Божество мыслится вечным, а космос у Аристотеля тоже вечен, божество мыслится несозданным, а космос у Аристотеля тоже никем и ничем не создан. Божество мыслится всемогущим и всегда действующим, а космос у Аристотеля тоже всемогущ, и его действие непрерывно и бесконечно. Божество вполне самодвижно, и его движения ни от чего не зависят, кроме как только от него же самого; а материя тоже самодвижна, и возникающий из нее космос тоже самодвижен.
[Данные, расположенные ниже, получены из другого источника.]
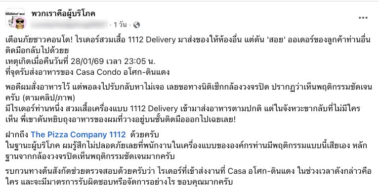 สมาชิกรายหนึ่ง โพสต์ลงในกลุ่ม พวกเราคือผู้บริโภค ระบุว่า “เตือนภัยชาวคอนโด! ไรเดอร์สวมเสื้อ 1112 Delivery มาส่งของให้ห้องอื่น แต่ดัน 'สอย' ออเดอร์ของลูกค้าท่านอื่นติดมือกลับไปด้วย เหตุเกิดเมื่อคืนวันที่ 28/01/69 เวลา 23:05 น. ที่จุดรับส่งอาหารของ Casa Condo อโศก-ดินแดง

Самодовлеющая закономерность космоса заключена в нем же самом. Но ничто не мешает, условно и предварительно, рассматривать ее и самостоятельно. И тогда придется считать ее ни от чего не зависящей и абсолютно свободной, мыслящей только самое же себя (а не что-нибудь иное, ибо все иное оно уже и вобрало в себя), а значит, и самодовольной и всеблаженной. Так почему же это не бог? Если хотите, пожалуйста, называйте это богом. Аристотель пишет: «А мышление, как оно есть само по себе, имеет дело с тем, что само по себе лучше всего, и у мышления, которое таково в наивысшей мере, предмет — самый лучший [тоже] в наивысшей мере. При этом разум, в силу причастности своей к предмету мысли, мыслит самого себя: он становится мыслимым, соприкасаясь [со своим предметом] и мысля [его], так что одно и то же есть разум и то, что мыслится им. Ибо разум имеет способность принимать в себя предмет своей мысли и сущность, а действует он обладая [ими], так что то, что в нем, как кажется, есть божественного, это скорее само обладание, нежели [одна] способность к нему, и умозрение есть то, что приятнее всего и всего лучше. Если поэтому так хорошо, как нам — иногда, богу — всегда, то это изумительно; если же — лучше, то еще изумительнее. А с ним это именно так и есть. И жизнь без сомнения присуща ему; ибо деятельность разума есть жизнь, а он есть именно деятельность; и деятельность его как она есть сама но себе, есть самая лучшая и вечная жизнь. Мы утверждаем поэтому, что бог есть живое существо, вечное, наилучшее, так что жизнь и существование непрерывное и вечное есть достояние его; ибо вот что такое есть бог». («Метафизика» XII 7)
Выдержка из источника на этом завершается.